Wednesday, May 28, 2008

Pieces and Wholes

And holes, now that I think about it.

This Saturday I've been asked to drop in at a weapons seminar.  KJ is going to teach some basics- ways to move, ways to make and keep contact, what to do when bad things happen too close.  I'm supposed to step into the middle and mess everything up.

The problem is that in any training for bad things each piece by itself is not only incomplete, but actually wrong.  Siniwalli is an arnis drill. As a stand alone it is purely a collection of bad habits- you target the weapon, you maintain the movement pattern instead of finishing, some of the pattern ignores a better, faster, more decisive move that would finish the encounter- but encounters need to be finished and drills need to be prolonged and repeated.

Don't start down-talking arnis, I can point out something like this from any training.  The training isn't wrong, unless you take it out of context.  Each piece is important, but the piece isn't the thing.

What KJ will do at this seminar is teach patterns, patterns that keep your weapon a constant threat to the enemy and keep the weapon in your strong zone and don't expose you to much.  I will be showing how the killing attack will be an escape from that pattern from one side, from the other side how to exploit those strengths and turn them into weaknesses.

What we have to be careful is that the students understand that this is not a contradiction.

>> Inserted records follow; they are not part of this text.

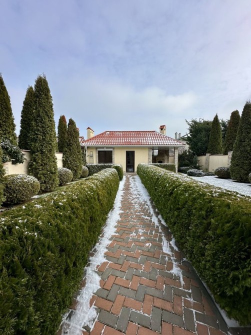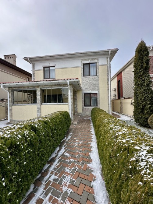 Продається капітальний житловий будинок в охайному, доглянутому стані: заходь - живи. Рік побудови - 2014. Розташування: Київська область, Бориспільський район, село Дударків (район зрубів). Відстань від воріт до ст. метро "Бориспільська" - 22 км, до ст. метро "Лісова" - 26 км. Під'їзд асфальтований. Загальна площа 216,8 кв.м., житлова - 111,6 кв.м., кухня - 12,4 кв.м., відкрита тераса 22 кв.м. В будинку чотири житлові кімнати (спальні), вітальня, два с/вузли з душовими кабінами, котельна, пральна, підвал, гараж на два авто (автоматичні ворота), погріб. Трифазне електропостачання з окремими стабілізаторами (на кожну фазу). Встановлено бензиновий генератор потужністю 6,5 кВт з автоматичним вмиканням у разі зникнення напруги в мережі. Газовий (з джерелом безперебійного живлення) та електричний опалювальні котли, бойлер для підігріву води. Водопостачання - особиста свердловина глибиною 60 метрів з фільтраційною системою очищення води. Чотири накопичувальні ємності (септики): для фекальної води (з вентиляцією) та відведення дощової (талої) води. Відеонагляд, домофон, сигналізація, провідний Інтернет. Площа земельної ділянки 22 сотки. Цільове призначення: будівництво та обслуговування житлового будинку. На території: літня кухня з барбекю, господарче приміщення, погріб, теплиця з полікарбонату, літній душ з вбиральнею, вольєр площею 13 кв.м., садок, газон з автоматичним поливом, город площею 7 соток. У садку: яблуні літніх та осінніх сортів, сливи, персики, вишні, черешня, айва, груша, смородина, виноград. По периметру ділянки паркан з профільного листа (фасадна частина на фундаменті з каменю). Автоматичні розсувні ворота. Будинок не перепродавався. Первісний документ - Свідоцтво про право власності. Поштова адреса, реєстрація місця проживання. Продаж за ціною власника, без комісійних посереднику.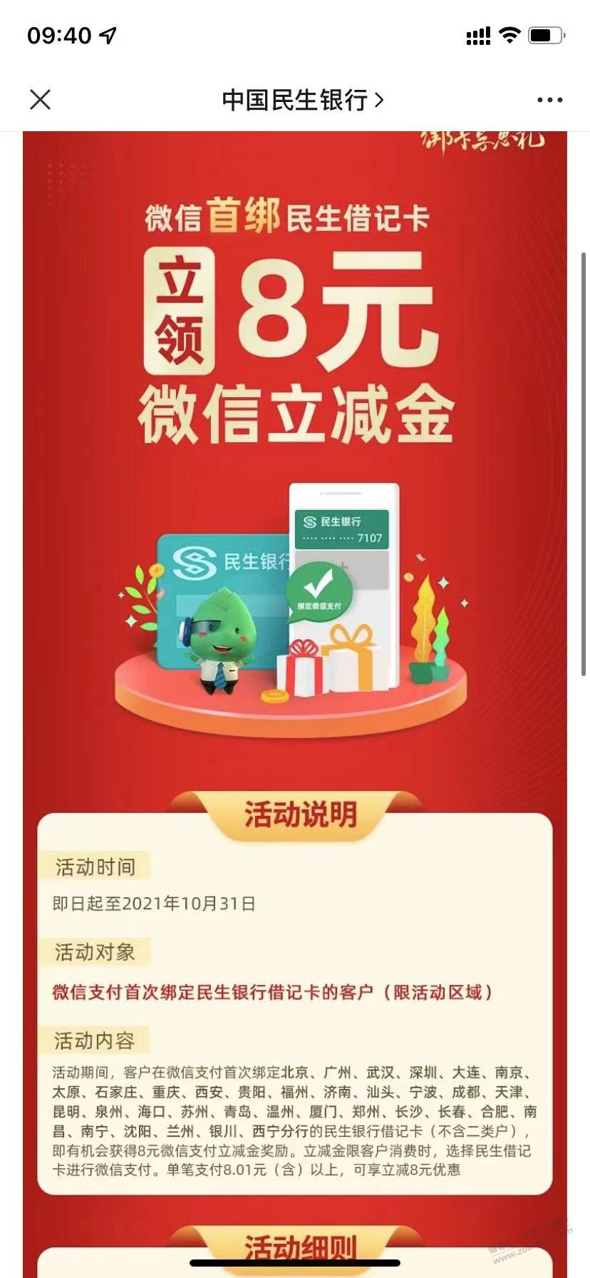 民生立减金来了8元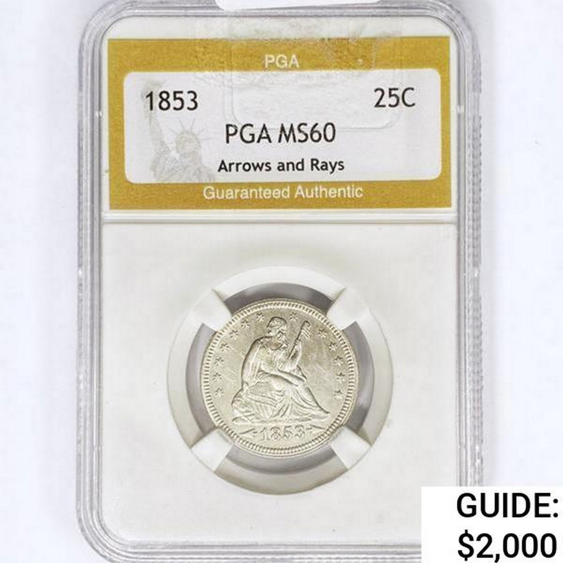 1853 Seated Liberty Quarter PGA MS60 Arrows & Rays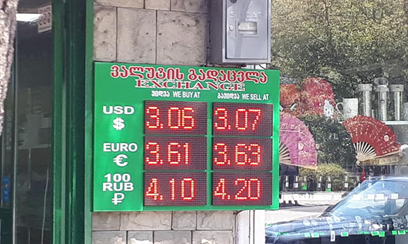 შეგახსენებთ, ახალი კორონავირუსის გავრცელების მასშტაბის შეზღუდვის მიზნით, საქართველოს მთავრობის გადაწყვეტილებით, ვალუტის გადამცვლელი პუნქტების მუშაობა 31 მარტიდან შეჩერდა და სავალუტო პუნქტებმა ფუნქციონირება 8 ივნისიდან განაახლეს.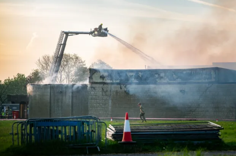 وأفادت السلطات باندلاع الحريق فجر الأحد في قاعدة RAF Fairford التابعة لسلاح الجو الملكي البريطاني، والتي تُستخدم ضمن أنشطة عسكرية مشتركة مع الجانب الأمريكي.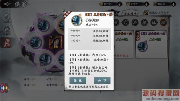 而对于其他没有内伤效果的侠客来说,内伤6件套的效果会有些鸡肋,所以可以进行混搭,使用风雷掌4件套搭配迅雷剑法两件达到输出最大化。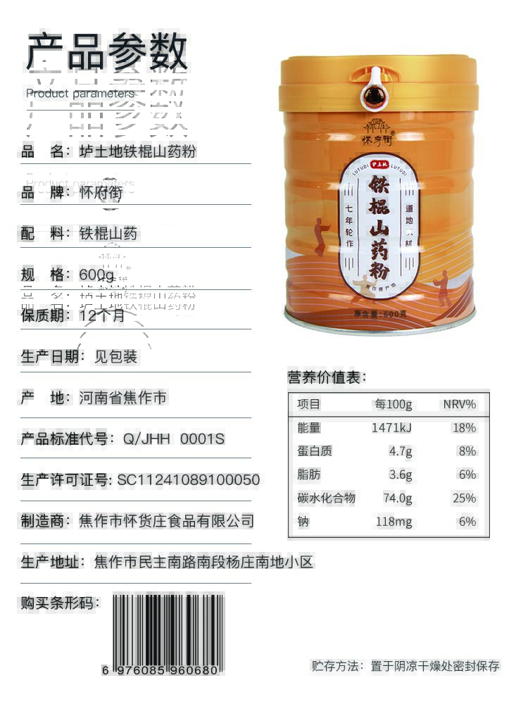 【黄妈家】怀府街铁棍山药粉|麸炒口感细腻 金罐装升级版 大容量 600g早餐不添加才美味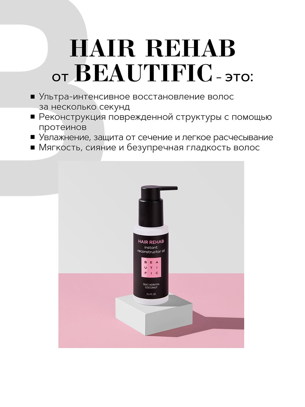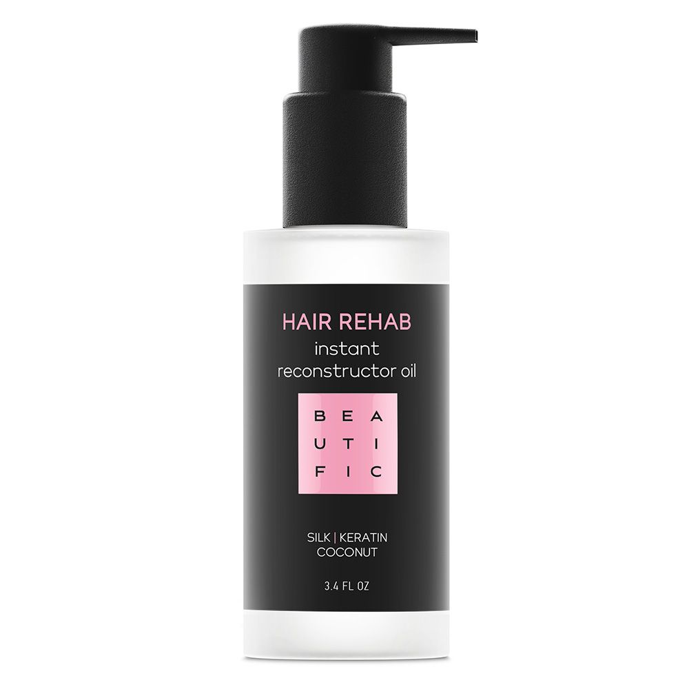 Верни волосам сияние и гладкость шелка в несколько секунд! Сенсационное масло-реконструктор для сильно поврежденных волос Beautific Hair Rehab разработано, чтобы дарить твоим локонам преображение, которое видно сразу. Компоненты заполняют поврежденные участки, насыщают волосы микроэлементами и протеинами, увлажняют, защищают, облегчают расчесывания, повышают эластичность и устойчивость волоса к повреждениям, сушке и укладкам. Масло предотвращает сечение волос и нейтрализует его признаки, разглаживает, придает трендовый здоровый блеск.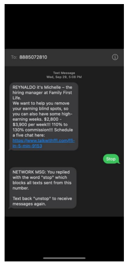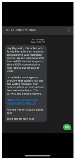 Per the case, the unsolicited October 18 message came from a different number belonging to Family First Life and stated in part that the company was “reaching out regarding your insurance license”: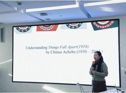 在胡老师引导下,同学们踊跃发言,谈到了自己对非洲和非洲小说的了解。通过引用在非洲发现中国瓷器和非洲观众收看中国电视节目等例子,胡老师生动地讲述了中非交流的悠久历史,并鼓励大家要培养国际化视野。紧接着,胡老师介绍了本书作者阿奇比的生平和文学成就,特别指出了非洲作家对全球文学的深远影响。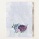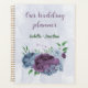 Hermoso planificador de bodas románticas con flores azules polvorientas y púrpuras y algunas hojas verdes.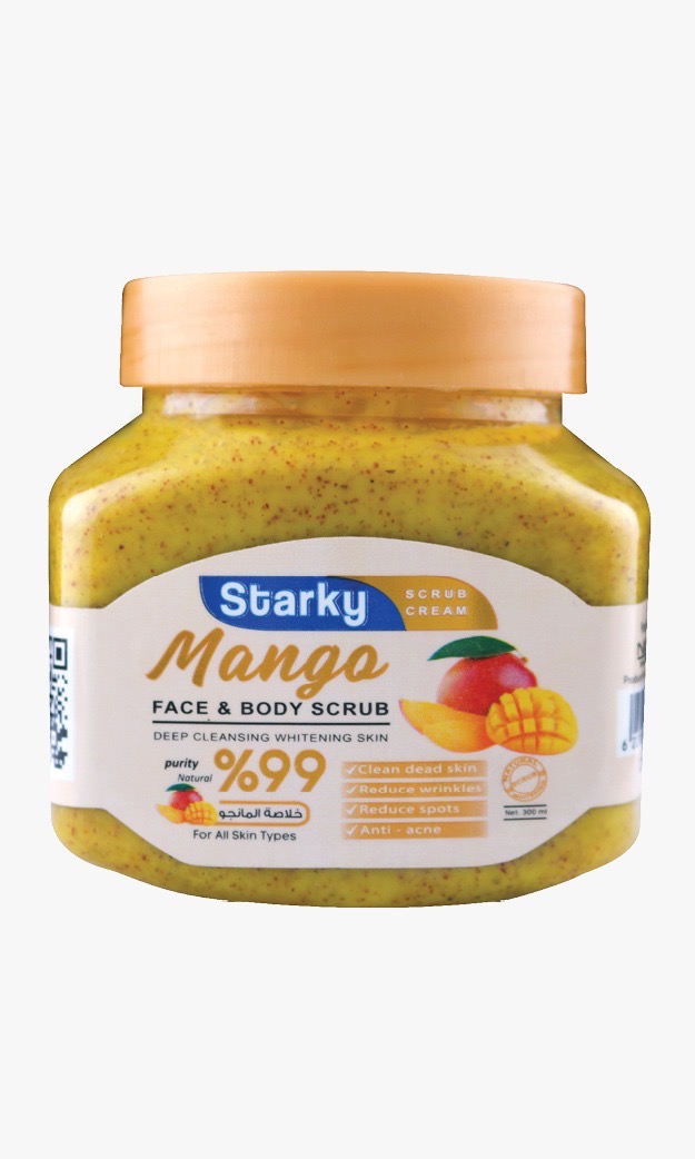 كريم صنفره يحتوي على حبيبات ناعمه تعمل على ازاله الجلد الميت بدون تجريح للبشره , صنفره ستاركي بخلاصه المانجو تحتوي على فيتامين أ الي يفيد البشره المعرضه لحب الشباب و يخفف من افراز زيوت البشره بشكل جيد .
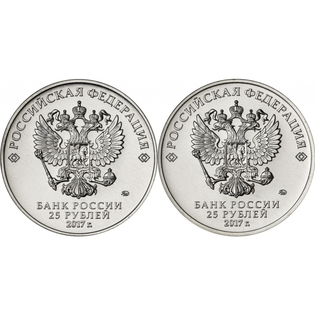 Россия 25 Рублей 2017 ММД год UNC UC# 165, 166 Винни-Пух Три Богатыря Российская (советская) мультипликация Набор из 2 монет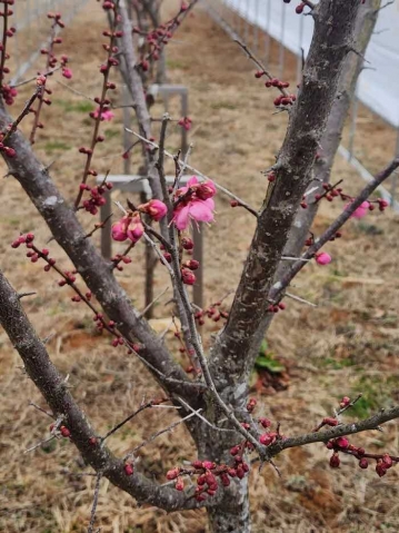 강진군이 강진청자축제를 위해 식재한 봄꽃 홍매화가 꽃망울을 터트리며 관광객들을 설레게 하고 있다.
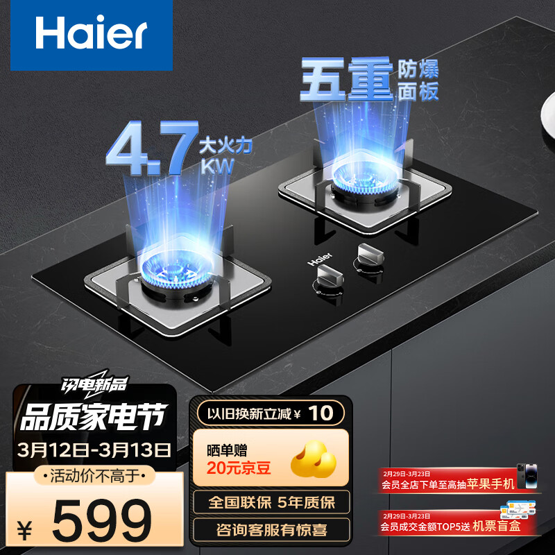 海尔(Haier)燃气灶天然气 嵌入式双灶具 4.7kw大火力 自动熄火保护 五重防护 台嵌两用一级能效Q2BE1(天)价格:699.00元!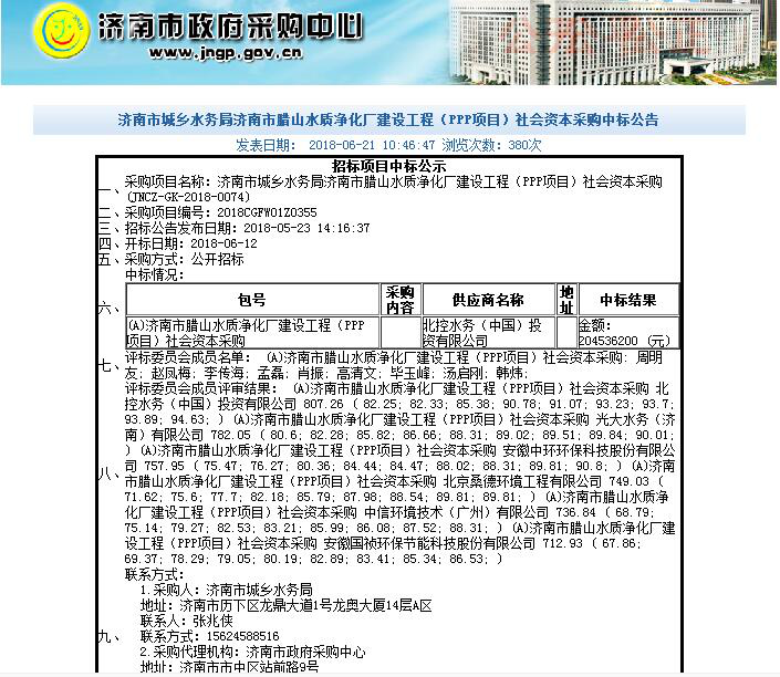 2018年6月14日-22日,按照市城鄉(xiāng)水務(wù)局要求,資產(chǎn)運(yùn)營(yíng)公司參加臘山水質(zhì)凈化廠ppp項(xiàng)目預(yù)中標(biāo)社會(huì)資本談判會(huì),按照政府采購(gòu)中心要求與前三名中標(biāo)人進(jìn)行會(huì)談,按程序最終確定成績(jī)第一名的北控水務(wù)(中國(guó))投資有限公司中標(biāo)。21日濟(jì)南市政府采購(gòu)中心開(kāi)始進(jìn)行中標(biāo)公示,22日資產(chǎn)運(yùn)營(yíng)召專題研究會(huì),與北控水務(wù)就合作協(xié)議、公司章程相關(guān)內(nèi)容與條款進(jìn)行討論,研究部署組建ppp公司相關(guān)工作,倒排工期,壓茬推進(jìn)各項(xiàng)前期工作。

It boils down to time.  Battles (especially with weapons) are won in fractions of seconds. Training is conducted about a half minute at a time.  So patterns are learned, but they are exploited by knowing, in a flash, exactly where your body and weapon and the threat's body and weapons are, where they are going (recognizing the pattern) and deciding to continue or break what you recognize is happening.

Sensitivity drills, like chi-sao can last a long time and they teach you a lot- how to read just by touch power and motion and balance and intent... but in application it is the ability to know and exploit those things in a single instant of contact.

It takes a lot of time and a lot of repetition to develop that skill.  It takes big chunks of time to learn tiny slices of time.  Where some martial artists get trapped is trying to take big time skills- drill skills- and apply them as they stand in a fight.

That's another special training: to apply your skills at superspeed, to get the information that normally takes a few seconds of feeling out your partner in a single touch... but if not, you get stuck in an imaginary world where you have plenty of time.

So training, from one perspective, is spending a lot of time ingraining tiny separate pieces (studying them like they were big pieces or maybe even the whole thing) with the hope that you will be able to put them all together, ruthlessly, without any time at all.

It sounds hard and maybe counter-intuitive, but it isn't.  Reps are good. Refinement and nuance are good.  The only thing that is sometimes (often) missing is the actual context of the application, a good understanding of what the skill looks like in its end-state.